最后,似乎通过 Metropolis 采样切换到离散断点可以解决问题。这是最终模型:
with Model() as sw_model:
sigma = HalfCauchy('sigma', beta=10, testval=1.)
switchpoint = DiscreteUniform('switchpoint', lower=0, upper=90, testval=45)
# Priors for pre- and post-switch intercepts and slopes
intercept_u1 = Uniform('Intercept_u1', lower=-10, upper=10, testval = 0)
intercept_u2 = Uniform('Intercept_u2', lower=-10, upper=10, testval = 0)
x_coeff_u1 = Normal('x_u1', 0, sd=20)
x_coeff_u2 = Normal('x_u2', 0, sd=20)
intercept = switch(switchpoint < x, intercept_u1, intercept_u2)
x_coeff = switch(switchpoint < x, x_coeff_u1, x_coeff_u2)
likelihood = Normal('y', mu=intercept + x_coeff * x, sd=sigma, observed=y)
start = find_MAP()
step1 = NUTS([intercept_u1, intercept_u2, x_coeff_u1, x_coeff_u2])
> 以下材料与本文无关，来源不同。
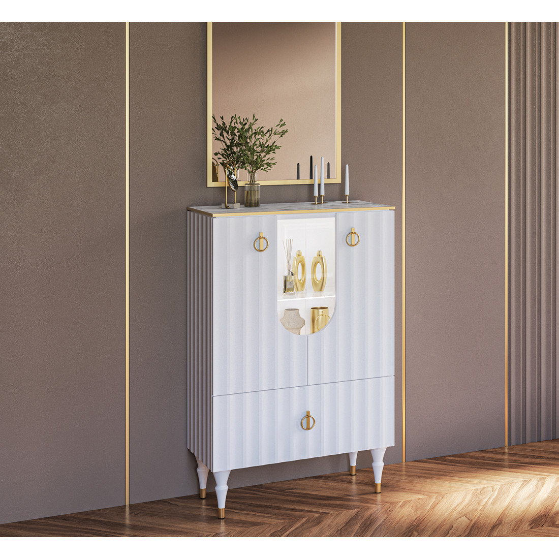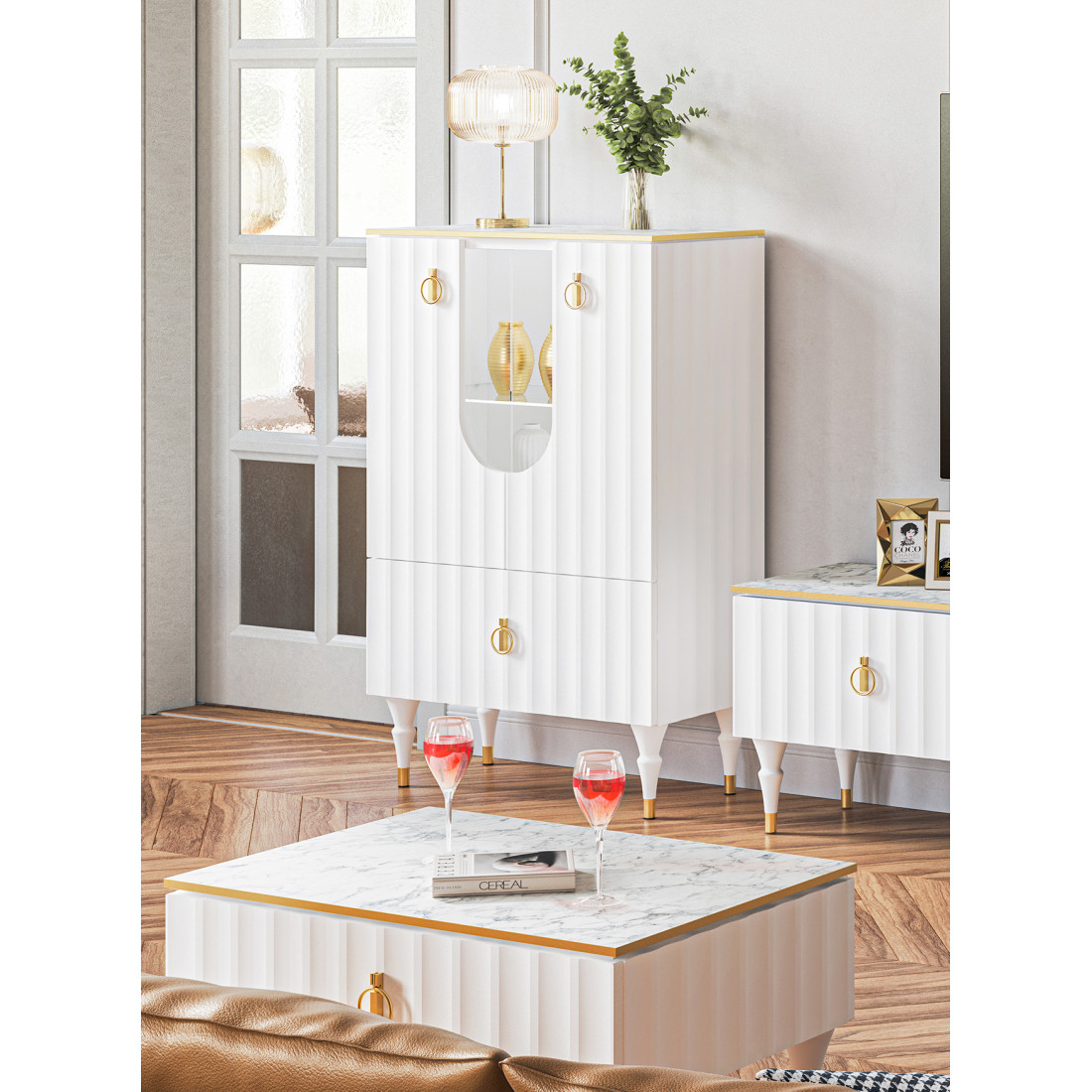 Комбинированный шкаф витрина Лоренсо МН-043-01 белый
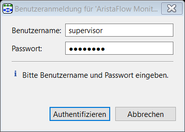 Authentifizieren Sie sich im erscheinenden Login-Dialog mit einem gültigen Benutzernamen und zugehörigem Passwort (im Auslieferungszustand mit supervisor/password).
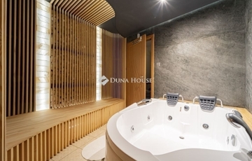 Alagsor: gépészet, háztartási helyiség, vendégszoba, valamint egy külön kialakított relaxációs tér szaunával, jakuzzival, sófallal.
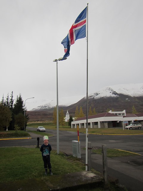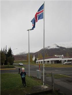 Arnar Geir málaði á kórónuna sína og við flögguðum íslenska fánanum honum til heiðurs.
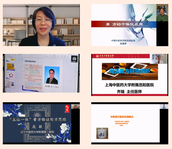 開幕式結(jié)束后,大會(huì)開展了線上學(xué)術(shù)報(bào)告和學(xué)術(shù)交流活動(dòng)。董瑞會(huì)長(zhǎng)做了《中醫(yī)膏方概論》的學(xué)術(shù)報(bào)告;北京中醫(yī)藥大學(xué)蘇慧萍教授、中國(guó)中醫(yī)科學(xué)院西苑醫(yī)院張燕萍教授、港澳臺(tái)中醫(yī)醫(yī)師聯(lián)合促進(jìn)會(huì)總會(huì)會(huì)長(zhǎng)盧致鵬教授、上海中醫(yī)藥大學(xué)岳陽(yáng)中西醫(yī)結(jié)合醫(yī)院齊瑞教授、遼寧中醫(yī)藥大學(xué)附屬第二醫(yī)院龐敏教授、廣西中醫(yī)藥大學(xué)第一附屬醫(yī)院賓博平教授六位中醫(yī)膏方專業(yè)委員會(huì)副會(huì)長(zhǎng)分別作了《膏方防治慢阻肺的組方用藥特點(diǎn)》《膏方的個(gè)體化應(yīng)用》《脾胃系統(tǒng)(慢性胃炎疾?。┑闹形麽t(yī)論述臨床觀察與證型研究》《海派膏方的特點(diǎn)》《膏方臨床應(yīng)用思路》《中醫(yī)膏方臨床概論》的學(xué)術(shù)報(bào)告,并與在線專家學(xué)者進(jìn)行了互動(dòng)交流。中醫(yī)膏方專業(yè)委員會(huì)第二屆理事會(huì)換屆會(huì)議暨第五屆學(xué)術(shù)年會(huì)取得了圓滿成功。
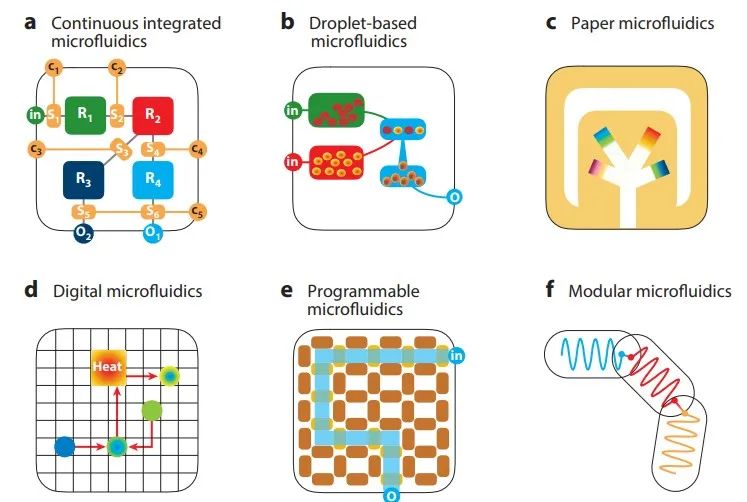 目前,微流控芯片主要有基于连续流体的微流控芯片、基于液滴的微流控芯片、纸基微流控芯片、数字化微流控芯片、可编程式微流控芯片和模块化微流控芯片。
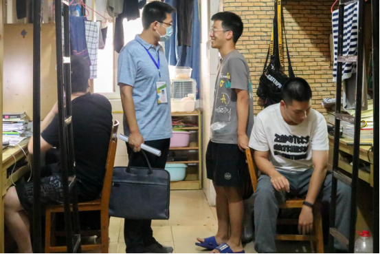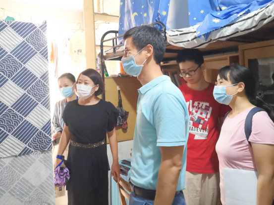 (摄/袁缘 罗娜 张芷艺 /韩思洁 范期明秋天是宿舍安全隐患的多发季节为切实了解学生住宿情况,加强宿舍管理,9月3日下午14时30分,外国语学院院长谈宏慧、党委书记危煜祥副院长彭沂、党委副书记魏红洁以及各年级辅导员和班主任老师齐聚汉科学苑现场了解公寓学生们的住宿情况,并对学院学生们生活和学习等方面给予关切和指导。
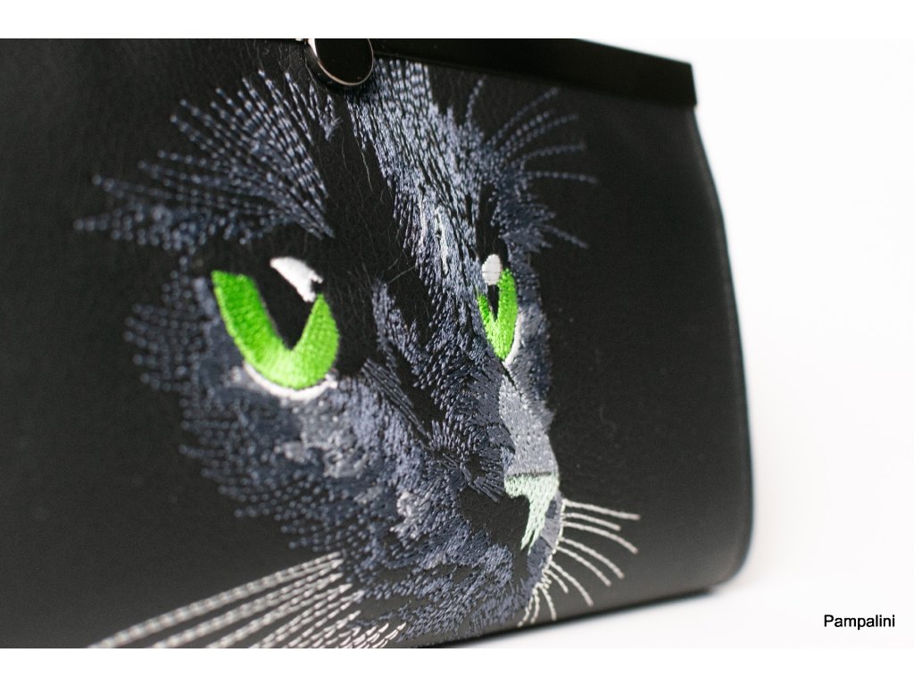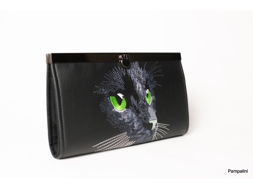 Rámečková peněženka vyšívaná - Kočka zelená
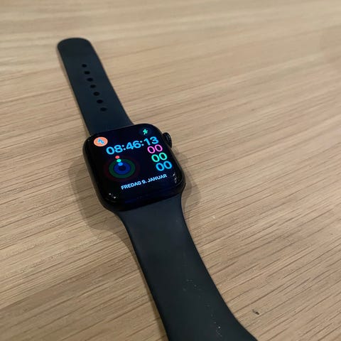Klokken er brukt og har synlige bruksspor, særlig på reim og bakside (se bilder), men fungerer fint og har vært i jevn bruk. Batteriet lades normalt.
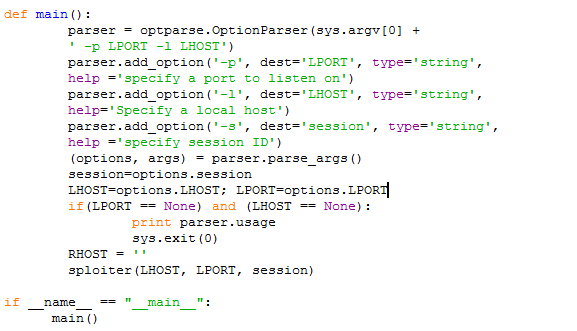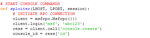 The sploiter() function takes our arguments and kicks off the RPC Connection:

step2 = Metropolis([switchpoint])
trace = sample(20000, step=[step1, step2], start=start, njobs=4,progressbar=True)
我看到了如何使用 pymc3 进行变化点分析的示例,但似乎我遗漏了一些东西,因为我得到的结果与真实值相去甚远。这是一个玩具示例。
数据:
脚本:
from pymc3 import *
from numpy.random import uniform, normal
bp_u = 30 #switch point
c_u = [1, -1] #intercepts before and after switch point
beta_u = [0, -0.02] #slopes before & after switch point
x = uniform(0,90, 200)
y = (x < bp_u)*(c_u[0]+beta_u[0]*x) + (x >= bp_u)*(c_u[1]+beta_u[1]*x) + normal(0,0.1,200)
with Model() as sw_model:
sigma = HalfCauchy('sigma', beta=10, testval=1.)
switchpoint = Uniform('switchpoint', lower=x.min(), upper=x.max(), testval=45)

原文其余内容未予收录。